By the time I was flown away to boarding school at age 6, I was in most respects a white Dani. In the middle of a school year, my family unexpectedly returned to the West. My father worked as a Pastor for a number of small churches in Western Canada and by the time I graduated, I had already attended thirteen different schools. I paid my way through Bible College working as a radio disc jockey, lifeguard and even a stint in the oil fields of northern Alberta. I spent one summer in the Philippines and another touring with a drama troupe before working in Washington D.C. at Fellowship House, an international guesthouse. Completing my undergraduate degree in Religion, I graduated summa cum laude from Warner Pacific College in Portland, Oregon.
The following year, I met and married Kim Warren and for a time worked on staff at a large suburban church while attending seminary. I have owned businesses and worked for others in diverse industries, from insurance to construction, venture capital companies to telecom, contract work to food processing; whatever was needed to help feed and house our growing family. I have always been a writer, whether songs, poetry, short stories or newsletters; never for public consumption but for friends and family. While I have extensively written for business, creating web content, business plans, white papers etc., The Shack was a story written for my six children, with no thought or intention to publish. No one is more surprised that I am now considered an ‘author’. The truth is, I am a rather simple guy; I have one wife, six kids, two daughter-in-laws, a son-in-law and six grandkids, and incredible friends and extended family surround us. New friends, like you, are part of our expanding world and adventure.

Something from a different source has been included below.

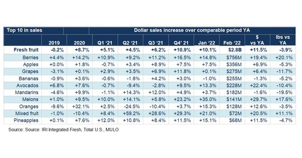 “On fruit, we had some shifts in the top 10 sellers in February,” said Parker. “While berries continued dominating the top 10, grapes moved in third and avocados moved up to fifth. Pineapples replaced lemons as the 10th largest seller this month.”

These are some of the facts of my life, but they don’t begin to tell the real story. That would take much more room than is available here. The journey has been both incredible and unbearable, a desperate grasping after grace and wholeness. These facts don’t tell you about the pain of trying to adjust to different cultures, of life losses that were almost too staggering to bear, of walking down railroad tracks at night in the middle of winter screaming into the windstorm, of living with an underlying volume of shame so deep and loud that it constantly threatened any sense of sanity, of dreams not only destroyed but obliterated by personal failure, of hope so tenuous that only the trigger seemed to offer a solution. These few facts also do not speak to the potency of love and forgiveness, the arduous road of reconciliation, the surprises of grace and community, of transformational healing and the unexpected emergence of joy.
The data of history might help you understand where a person has been, but often hide who they actually are. The Shack and Cross Roads will tell you much more about me than a few facts ever could, but a writer is always more, intentionally illusive behind the curtain of words. For me as a human being, everything is about Jesus and Father and Holy Spirit, about relationships, and to live is to participate in an adventure of faith which can only be experienced inside one day’s worth of grace at a time. Aspirations of success, visions of significance and dreams of grandeur all died a long time ago and I have absolutely no interest in resurrecting them. I have finally figured out that I have nothing to lose by living a life of faith and trust. I know more joy every minute of every day than seems appropriate, but I love the wastefulness of my Papa’s grace and presence.